Reconnaissant les vulnérabilités uniques de l’Afrique face au changement climatique, l’ACF se félicite de l’accent mis par le prochain sommet sur l’intensification de l’adaptation sur le continent. Pour y parvenir, les mesures d’adaptation doivent simultanément renforcer la résilience aux impacts climatiques tout en soutenant les objectifs de développement économique et social, d’une manière qui s’appuie sur les connaissances et l’expertise autochtones et locales. Cela nécessite des investissements importants dans l’adaptation et le renforcement de la résilience, ainsi que des moyens innovants pour les faire progresser à grande échelle.

Pour y parvenir, la Fondation prévoit une coopération mondiale qui garantira la fourniture de financements d’adaptation adéquats, prévisibles, nouveaux et supplémentaires, qui créera également l’espace budgétaire nécessaire pour permettre aux pays africains de donner la priorité à ces mesures dans le cadre de leurs propres processus budgétaires. Cela nécessite également des mesures créatives pour mobiliser durablement des fonds d’adaptation fondés sur des instruments politiques et de planification qui tracent des voies d’adaptation sectorielles et une réserve de projets bancables.
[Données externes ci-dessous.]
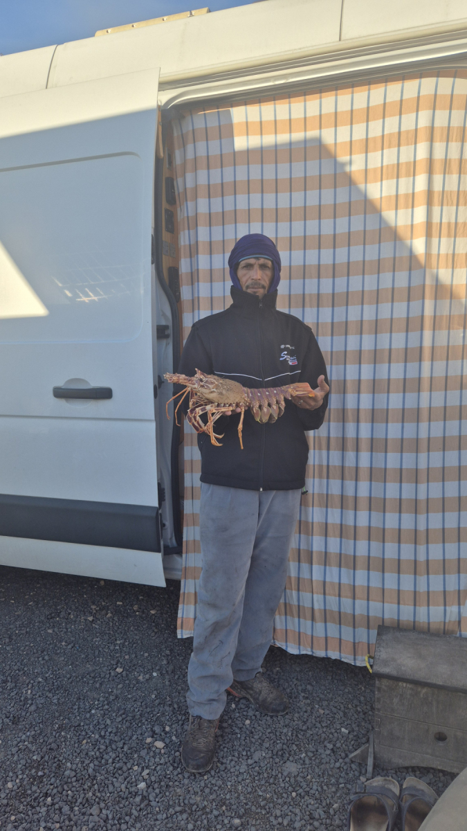 Unser Campingplatz liegt am Meer, wir können das ständige anrollen der Wellen hören. Besonders in der Nacht, wenn alle anderen Geräusche wegfallen, ist das richtig laut. Schon am ersten Abend kommt ein Fischverkäufer mit seinem uralten, verrosteten Peugeot-Mofa. Auf dem Gepäckständer eine Plastikkiste, in der befindet sich der aktuelle Fang in einer Wolldecke eingeschlagen. Er hat „nur“ eine Languste dabei, die er uns gerne verkaufen würde. Wir lehnen dankend ab, hätten aber gerne für den nächsten Tag eine Dorade. Und so bekommen wir einen wunderbaren Fisch, den er uns natürlich am Platz auch filetiert. Übrigens hatten alle unsere Campingplätze am Atlantik eigens dafür hergerichtet Waschbecken, in denen die Camper oder Fischverkäufer die Meeresfrüchte säubern können.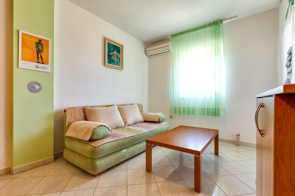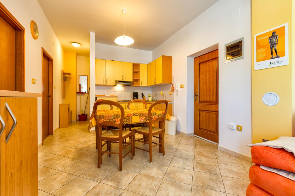 Es stehen Ihnen 3 komplett ausgestattete Apartments zur Verfügung. Apartment 1 für vier Personen befindet sich im Erdgeschoss, Apartment 2, ebenfalls für vier Personen, im zweiten Stock sowie Apartment 3 für zwei Personen. Im Apartmentpreis sind zusätzliche Leistungen kostenlos enthalten: ein Kind unter 3 Jahren ist kostenlos, ein Grillplatz im Hof, die Nutzung der Waschmaschine in der gemeinsamen Waschküche im Erdgeschoss, wo Ihnen ein Bügelbrett und ein Bügeleisen zur Verfügung stehen. Am Abreisetag bieten wir Ihnen eine Gepäckaufbewahrung an, falls der Gast später von der Insel abreist, sowie einen Transportservice zum Busbahnhof und Fährhafen in Mali Lošinj. Für Ihr Auto ist ein Parkplatz vor dem Haus vorhanden und im Hof gibt es Platz für Fahrräder, Motorräder … Zusätzliche Zuschläge; Endreinigung einmalig 40 EUR und Haustiere auf Anfrage gegen Aufpreis. Gerne erfüllen wir Ihre zusätzlichen Wünsche, Anforderungen und Bedürfnisse vor Ihrer Ankunft und während Ihres Aufenthalts professionell und schnell.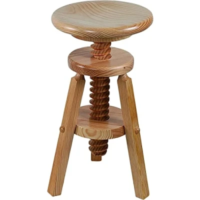 Stool made of pine wood. Very strong and durable. Adjustable in height thanks to its swivel seat. Varnish finish. Measurements: 29 cm (diameter seat) x 48-64 cm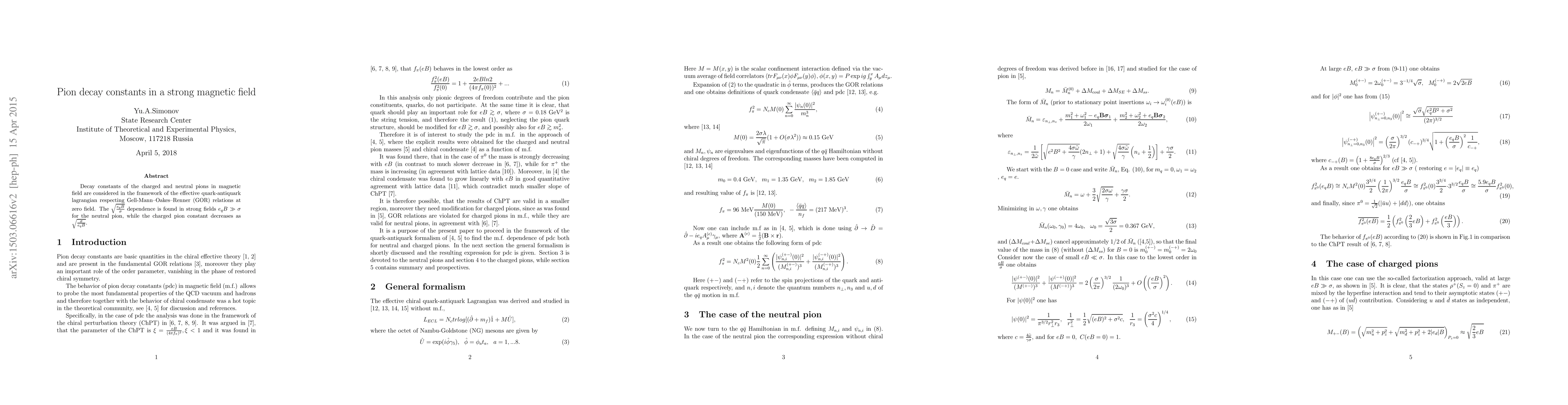 Research investigates how strong magnetic fields affect pion decay constants, finding a non-zero dependence on the field strength for neutral pions and an inverse dependence for charged pions.

Le Sommet offre l’opportunité d’offrir une perspective africaine unique sur l’inclusion et l’équité, en veillant à ce que les plus vulnérables ne soient pas laissés pour compte. En tant que tel, nous saluons les efforts déployés par l’hôte pour faciliter la collaboration entre tous les participants afin d’obtenir un résultat co-créé et soutenu par tous.